(An excerpt from history.txt)
I have scads of macOS footprints all over my NAS from a Mac I used a decade ago.
Stuffit is, AFAIK, dead. Along with all the various other OS9-era packaging formats for resource fork files. If you need to send a directory hive over something that only accepts individual files you send a disk image or ZIP archive, both of which macOS will happily extract for you.
I'm curious, if you have a disk/disc, and you drag a file onto the desktop, and eject the disk, does the file still disappear?
Having a standard to separate your data from your metadata isn't necessarily incompatible with streams.

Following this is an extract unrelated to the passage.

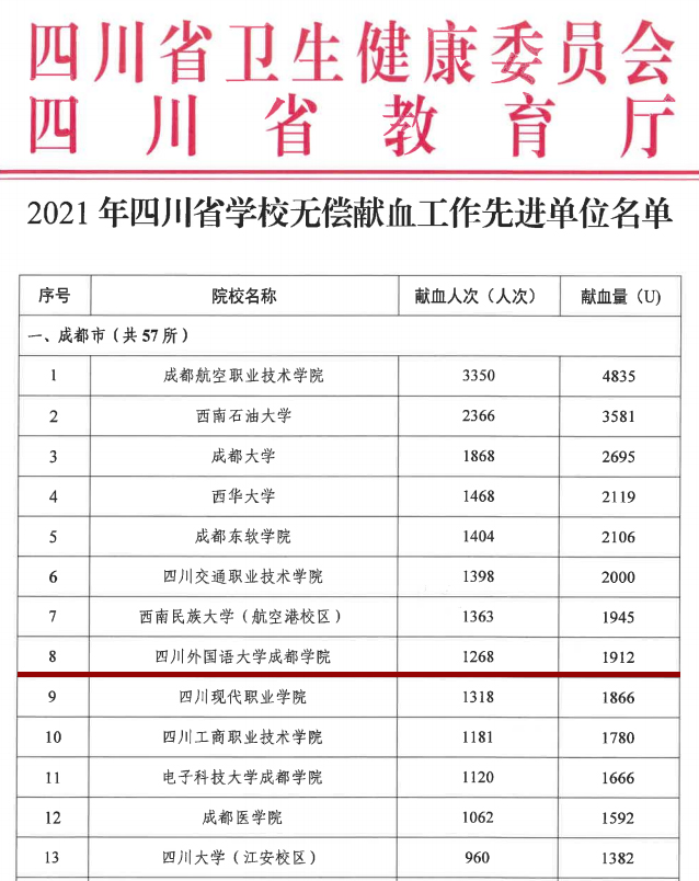 近日,四川省卫生健康委员会、四川省教育厅联合印发《关于通报表扬2021年四川省学校无偿献血先进工作单位的通知》,开云APP(中国)官方下载 荣获2021年四川省学校无偿献血先进工作单位。

It would be something you would IOCTL on an open stream if you cared.
int fd;
fd = open("the_file", O_RDONLY);
if ( fd < 0 )
{
perror("the_file");
return -1;
}
char* filetype = NULL;
ioctl(fd, FDRESGET, "FILETYPE", &filetype);
if ( filetype != NULL )
{
printf("%s has a filetype of %s\n", "the_file", filetype);
}
You could also have a version FNRESGET that operates on file names instead of file descriptors. Also a setter. There's still obviously a lot of details to work out, but nothing about this should be all that difficult. It even simplifies some other parts of the system, for example if you have a network socket the socket metadata like the remote IP address and port numbers could be in the resource fork of the socket itself.
kps•1d ago
I can't wait to see someone to find the first commit of SCCS via its Git repository.